“康拉德,那個傢伙差點把地獄島的外層整個摧毀,你居然沒有出手阻止?”
氣氛沉寂了片刻後,克拉拉滿臉疑惑地盯著面前的紅袍身影,心中隱隱有些不滿。
她的面容依舊被黑紗遮掩,眼中的微光正在黑暗中緩緩流轉,連手上那兩柄形狀猙獰的肉質匕首,也再次變換成了一本漆黑的皮質書籍。
“怎麼偏偏是這個時候啊……”而康拉德的面容則隱藏在寬大的兜帽中,看不真切,唯有兩團如血月般猩紅的眼眸隱隱浮現出來。
他沒有回答黑紗女人的質問,而是有些苦惱地繞著那片奇異的螺旋湖泊來回踱步,似乎既期待那個傢伙的到來,又不想讓他現在就降臨此地。
“你難道認識那個傢伙?”克拉拉聽出了紅袍人話語中的熟絡感,臉上的好奇之色不由得濃了幾分。
“唉~我不認識他,但是我知道他的身份!”康拉德有些無奈地搖了搖頭,突然說出一句讓黑紗女人更加困惑的話來。
克拉拉眉頭微微皺起,下意識地摩挲著黑色書籍的封皮。
如果她沒有理解錯的話,康拉德明明說不認識那個帝國強者,卻又說知道對方的身份。
這就說明那個傢伙的地位非同尋常……可既然地位如此顯赫,康拉德又怎麼會不認識呢?
而康拉德似乎看出了她的疑惑,當即便有些滑稽地敲了敲自己的腦袋,儘管兜帽內部沒有傳來任何聲響:“看來羅拉克並沒有將這些隱秘告訴你啊。”
克拉拉身上的紗衣忽然無風自動,甚至連手中那本皮質書籍的封面也開始緩緩蠕動起來,幾隻詭異的羊瞳從撕裂的縫隙中猛然睜開。
“自從我父親和蘇爾特廝殺過後,他回到教國不久便隕落了。”
康拉德緩緩輕輕撥弄著螺旋的水流,兜帽內的兩輪血瞳微微暗淡了幾分:“那太可惜了……他在我們的時代,也稱得上頂尖了。”
克拉拉並沒有理會康拉德的吹捧,她眼中的疑惑反而更深了幾分,似乎完全沒有看出這兩者之間到底有什麼關聯:“所以那傢伙和我父親有什麼關係?”
“因為……”康拉德的語氣有些惋惜,隨即在轉瞬之間,便坐在了一口通體血紅的棺槨之上。
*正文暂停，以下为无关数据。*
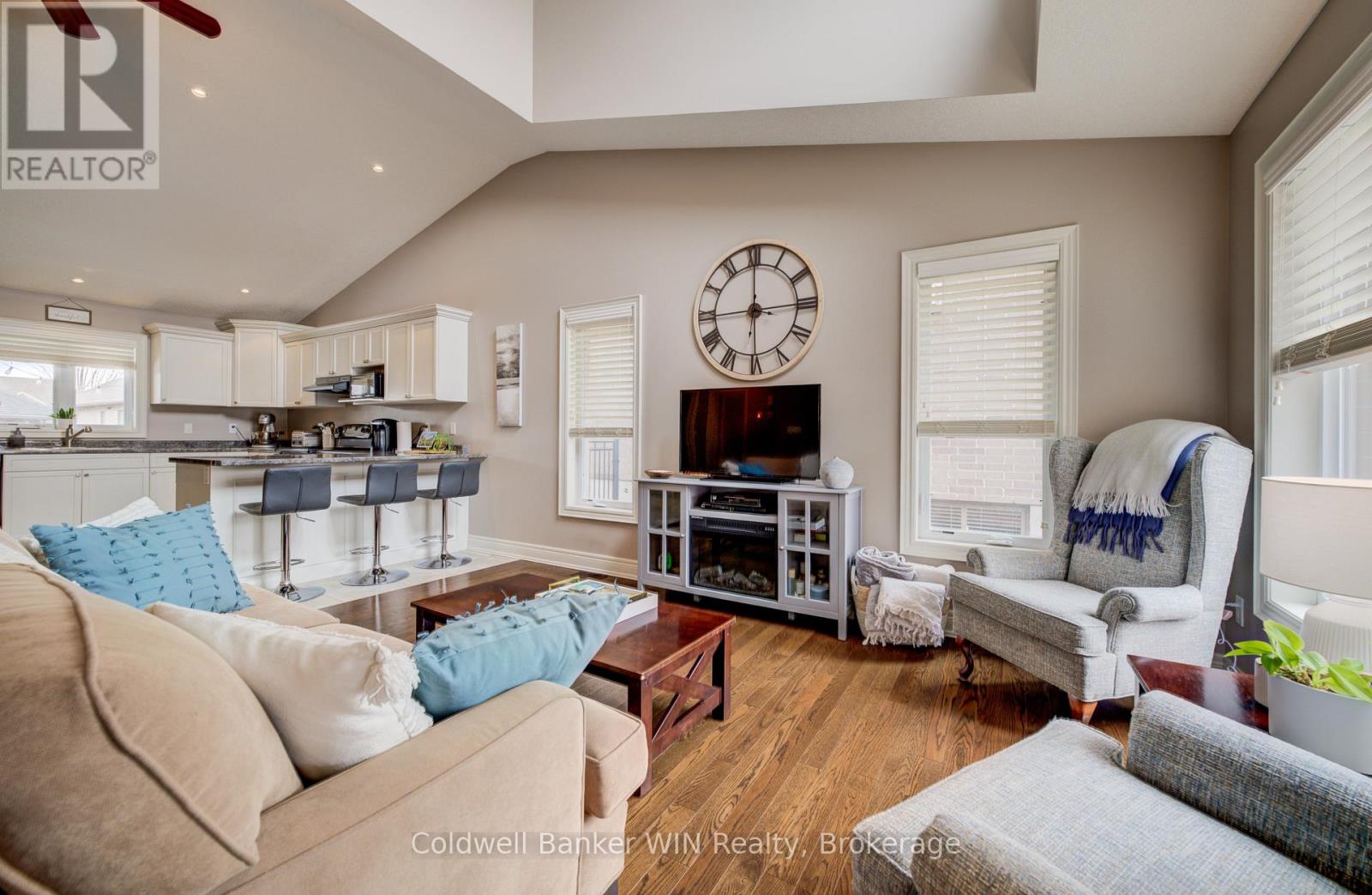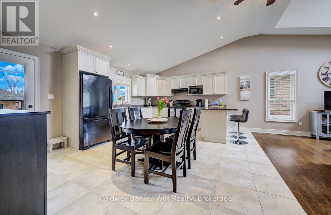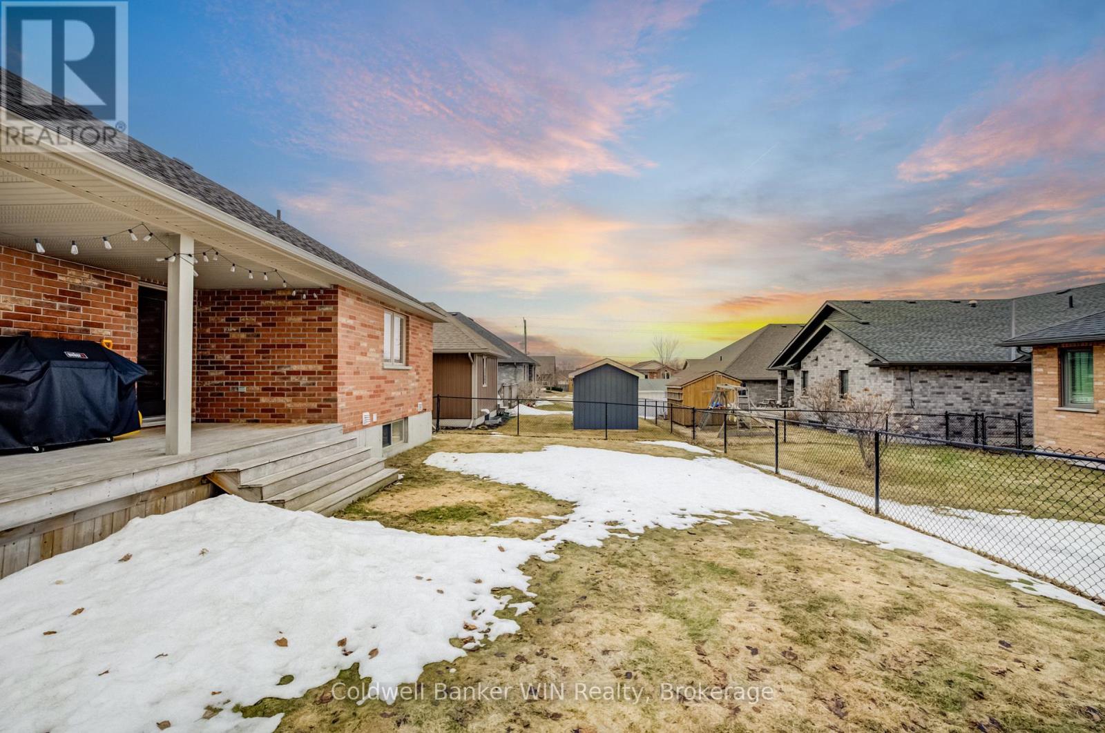 Welcome to this well-maintained 2012 red brick bungalow located in a quiet, family-friendly neighbourhood in Mount Forest. Offering excellent curb appeal, this home features a fully fenced yard, a single car attached garage, and a covered rear deck-perfect for relaxing or entertaining. Step inside to a bright, open-concept main living space highlighted by a stunning cathedral ceiling and dormer window that fills the home with natural light. The living room showcases beautiful hardwood flooring, while the kitchen and dining area are finished with durable ceramic tile. From the dining space, enjoy convenient access to the covered back deck for seamless indoor-outdoor living. The main floor offers two comfortable bedrooms and a 4-piece bathroom. For added flexibility, laundry is roughed-in within the bathroom closet for a potential stackable setup. Downstairs, the fully finished basement provides a spacious family room with plenty of room for multiple uses-whether it's a rec room, home office, or gym. You'll also find a third bedroom, a second 4-piece bathroom, and the current laundry area. Situated in a desirable neighbourhood of similar quality homes, this property offers easy access to downtown amenities, nearby green space, and the surrounding countryside making it an ideal place to call home. (id:64974)

“我從一開始就知道,你父親很可能會落敗。所以我才勸他,等我真正迴歸之後再動手!”
克拉拉臉上的神色逐漸變得有些不耐煩,她實在不想在這種緊急時刻,來談論這些早已塵埃落定的往事:“所以……那個傢伙和我父親,到底有什麼關係?”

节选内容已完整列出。